I am using the “WHOLE CORTEX & HIPPOCAMPUS - 10X GENOMICS (2020) WITH 10X-SMART-SEQ TAXONOMY (2020)” dataset, and I’m wanting to look at how certain genes are expressed in different clusters, regions, and subclasses, and their co-expression.
In the full dataset, there is a matrix.csv
file which contains raw UMI counts for all cells and all genes, and there is a trimmed_means.csv
file which shows normalized mean expression of all genes in all 378 clusters. I would like to look at normalized mean expression and variance (e.g., standard deviation, standard error of the mean) for not just clusters, but also subclasses and regions.
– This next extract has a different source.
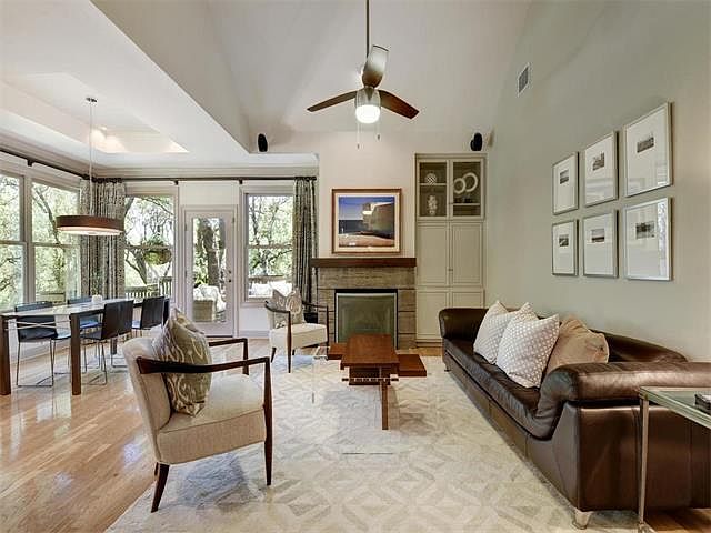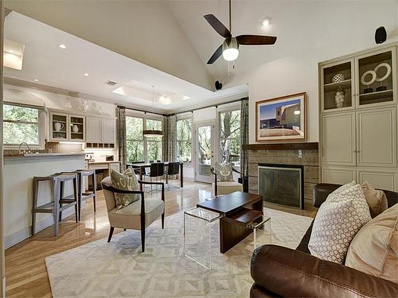 Striking renovations & custom interiors make this home move-in ready. Beautifully suited as a sophisticated lock & go option w/ primary level master & generous entertaining areas. Extensive updates touched almost every surface. Pillow cut limestone & stucco exterior with tile roof. Backs to lush greenbelt providing incredible outdoor living with over 800sqft of deck and a majestic tree canopy. Prvt gated community w/ common area amenities including pool, hot tub, Lake Austin access, & playground.

Looking at the documentation and the Transcriptomics Explorer, it seems that the trimmed_means.csv
file is calculated by taking all cells in a cluster, and for each gene, removing the top 25% and bottom 25% of the data, and taking the log2(CPM + 1) of the data, and I assume taking the mean of these values?
I wish there was a normalized_matrix.csv
file, but if I’m going to have to reverse engineer their trimmed_means.csv
process, any help is appreciated.
EDIT: I was able to get closer to the values in trimmed_means.csv
by taking the log2(CPM + 1) of all cells, then excluding the top and bottom 25%, and taking the mean of the remaining values. As an example, for a single cluster and a single gene, the trimmed_means.csv
value is 6.651905, and I’m getting 6.652420762158425.